1920 Bulgarian parliamentary election
- All 229 seats in the National Assembly 115 seats needed for a majority
- Turnout: 77.26%
- This lists parties that won seats. See the complete results below.
| Party |  | Leader | Vote % | Seats | +/– |
|  | BZNS | Aleksandar Stamboliyski | 38.56 | 110 | +33 |
|  | Communist | Dimitar Blagoev | 20.39 | 50 | +3 |
|  | Democratic | Aleksandar Malinov | 10.07 | 24 | −4 |
|  | People's | Ivan Evstratiev Geshov | 6.81 | 14 | −5 |
|  | BRSDP (united) | Yanko Sakazov | 6.12 | 9 | −29 |
|  | PLP | Stoyan Danev | 5.13 | 8 | 0 |
|  | RDP | Stoyan Kustorkov | 4.63 | 8 | 0 |
|  | PLP–Genadiev | Nikola Genadiev | 2.96 | 2 | +1 |
|  | PLP–Petkov | Dobri Petkov | 0.86 | 4 | +2 |
| Prime Minister before | Prime Minister after |
| Aleksandar Stamboliyski Stamboliyski I (BZNS) | Aleksandar Stamboliyski Stamboliyski I (BZNS) |

= 1920 Bulgarian parliamentary election =

Parliamentary elections were held in Bulgaria on 28 March 1920 to elect members of the XIX Ordinary National Assembly. It was compulsory to vote. The result was a victory for the ruling Bulgarian Agrarian National Union (BZNS), which won 110 of the 229 seats. Voter turnout was 77%.

==Results==

| Party |  | Votes | % | Seats |
|  | Bulgarian Agrarian National Union | 349,212 | 38.56 | 110 |
|  | Bulgarian Communist Party | 184,616 | 20.39 | 50 |
|  | Democratic Party | 91,177 | 10.07 | 23 |
|  | People's Party | 61,647 | 6.81 | 12 |
|  | BRSDP (united) | 55,452 | 6.12 | 9 |
|  | Progressive Liberal Party | 46,478 | 5.13 | 7 |
|  | Radical Democratic Party | 41,930 | 4.63 | 8 |
|  | NLP Genadiev | 26,819 | 2.96 | 2 |
|  | Liberal Party–NLP Petkov–Young Liberals Party | 14,469 | 1.60 | 2 |
|  | Democratic Party-People's Party | 8,242 | 0.91 | 2 |
|  | People's Party–Progressive Liberal Party | 8,065 | 0.89 | 2 |
|  | NLP Petkov | 7,785 | 0.86 | 1 |
|  | NLP Petkov + NLP Genadiev | 4,933 | 0.54 | 1 |
|  | Liberal Party–NLP Petkov | 1,541 | 0.17 | 0 |
|  | Liberal Party–Young Liberals Party | 3,205 | 0.35 | 0 |
|  | Other BZNS groups | 47 | 0.01 | 0 |
| Total |  | 905,618 | 100.00 | 229 |
| Valid votes |  | 905,618 | 98.96 |  |
| Invalid/blank votes |  | 9,554 | 1.04 |  |
| Total votes |  | 915,172 | 100.00 |  |
| Registered voters/turnout |  | 1,184,577 | 77.26 |  |
Source: National Statistical Institute

==Aftermath==
The BZNS government annulled the election of 13 deputies – nine of them Communists – which gave them a majority in parliament. The government oversaw significant agrarian reforms - the amount of state-owned land was increased, household landownership was limited to 300 decars, land was distributed to refugees from Thrace and Macedonia, while salaries for members of the intelligentsia (teachers, doctors, lawyers and the military) were decreased.

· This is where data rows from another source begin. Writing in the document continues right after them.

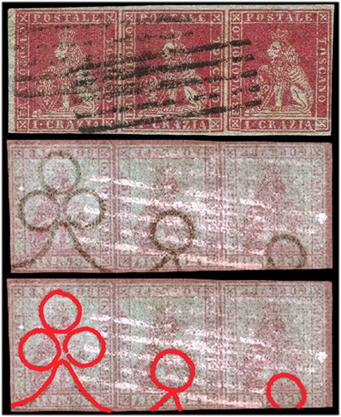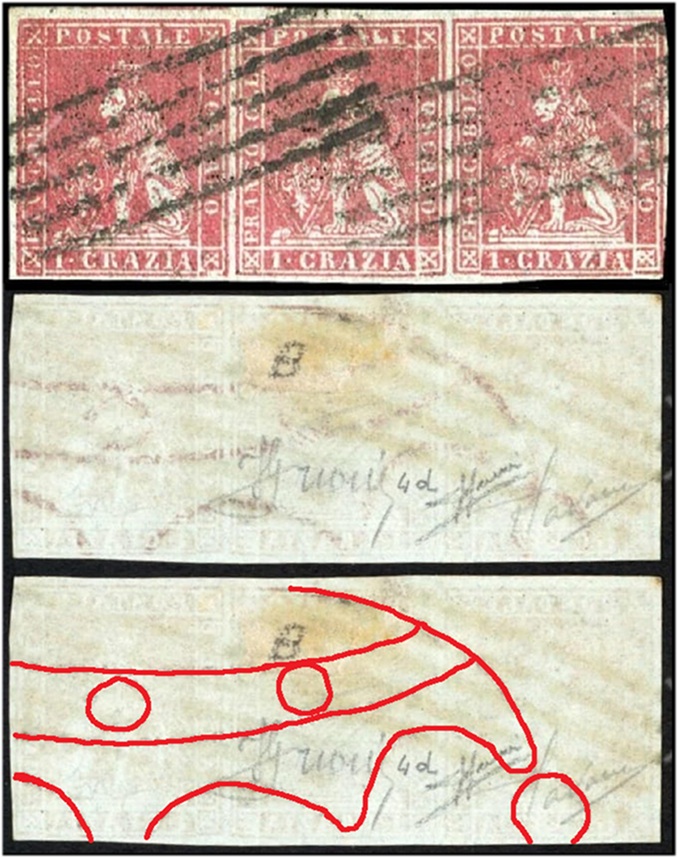 Nella figura 14 che segue riportiamo un secondo multiplo orizzontale sempre del valore da 1 crazia su filigrana del Primo Tipo, anche in questo caso annullata in nero con due impronte del muto a cinque barre, utilizzato per il pezzo precedente. Si osservi come i tre francobolli che costituiscono il multiplo presentino le stesse varietà dello stereotipo della vignetta della striscia discussa in precedenza, ovvero la F1 (G9) per il francobollo di sinistra, la C16 (D18) per il francobollo centrale e la F17 (D10) per quello di destra. Nell'immagine di figura 7 abbiamo cercato di evidenziare tutti i dettagli attraverso cui identificare le tre varietà. Anche in questo caso il margine a sinistra è ampio a sufficienza da poter localizzare la striscia a margine di foglio e anche la maggiore inchiostrazione che si osserva nella metà di sinistra del francobollo di sinistra ed in particolare quella che interessa il Segmento 2 della cornice esterna, tipico dei francobolli che si trovavano a margine di foglio, ce ne dà conferma.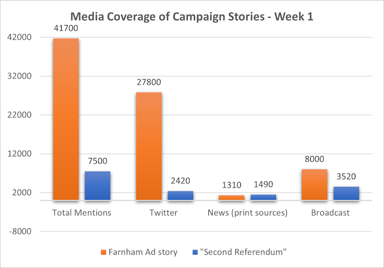 Tracking the impact of the two messages, we find the Farnham ad story far outpaced the “second referendum” in the free media sphere, as shown below.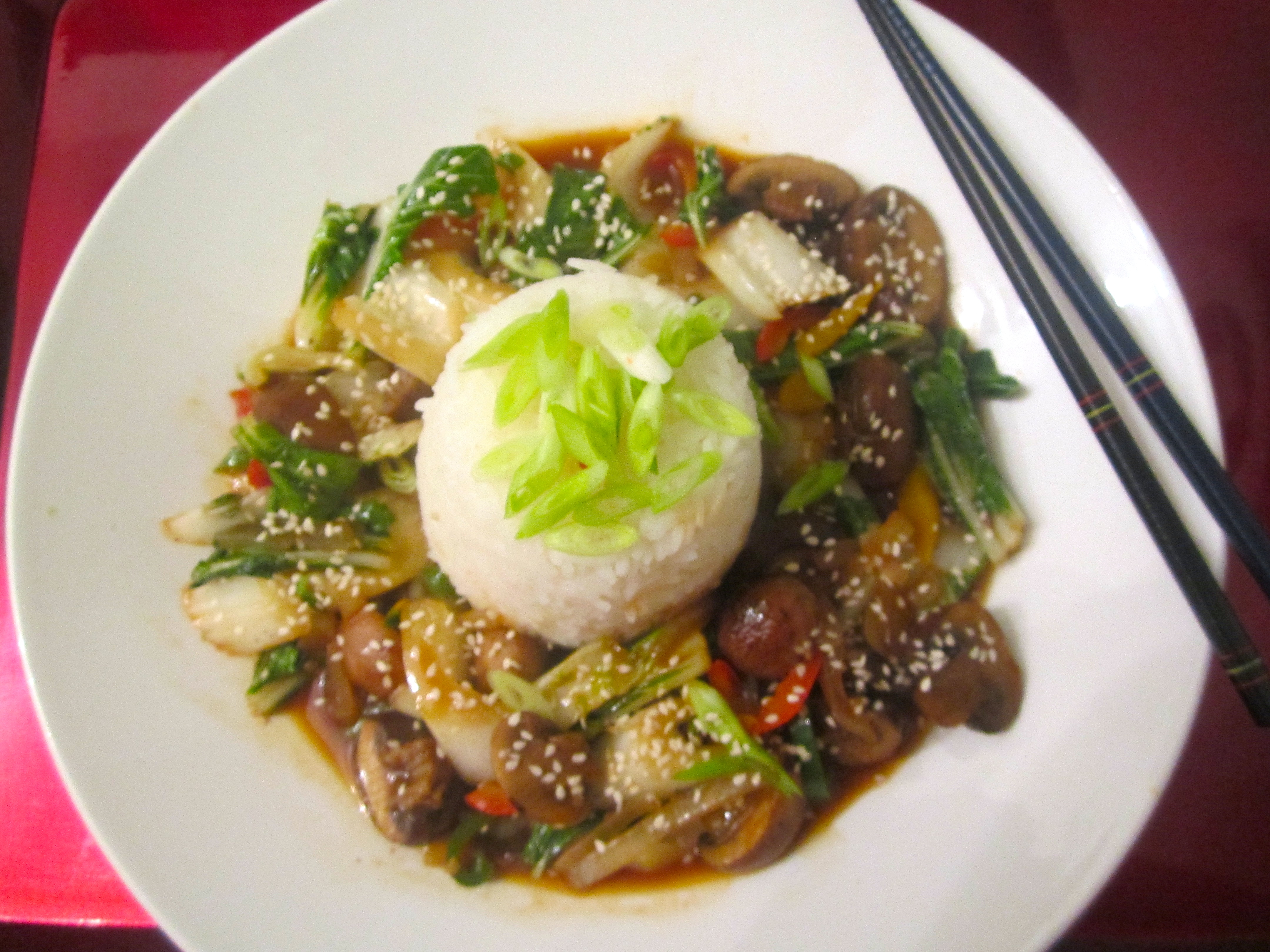 serve with Chinese steamed rice, sprinkle with scallions and sesame seeds

The Labor Service Act required 12 months of mandatory community service for male citizens over 20 and 6 months for female citizens over 16. Bulgaria became the first former member of the Central Powers to be accepted into the League of Nations in 1920. Due to the government's friendly relationship with Yugoslavia (later resulting in the signing of the Treaty of Niš), defense minister Alexander Dimitrov was murdered by the VMRO in 1921. Church institutions were placed under state control in 1922. The leaders of the opposition Constitutional Bloc were arrested and given large prison sentences. In September 1922 Interior minister Rayko Daskalov proposed an electoral reform that would make the results proportional in each administrative municipality, as opposed to province, which would result in a larger majority for the more consolidated BZNS. The government resigned and snap elections were called shortly after the law was approved in late February 1923.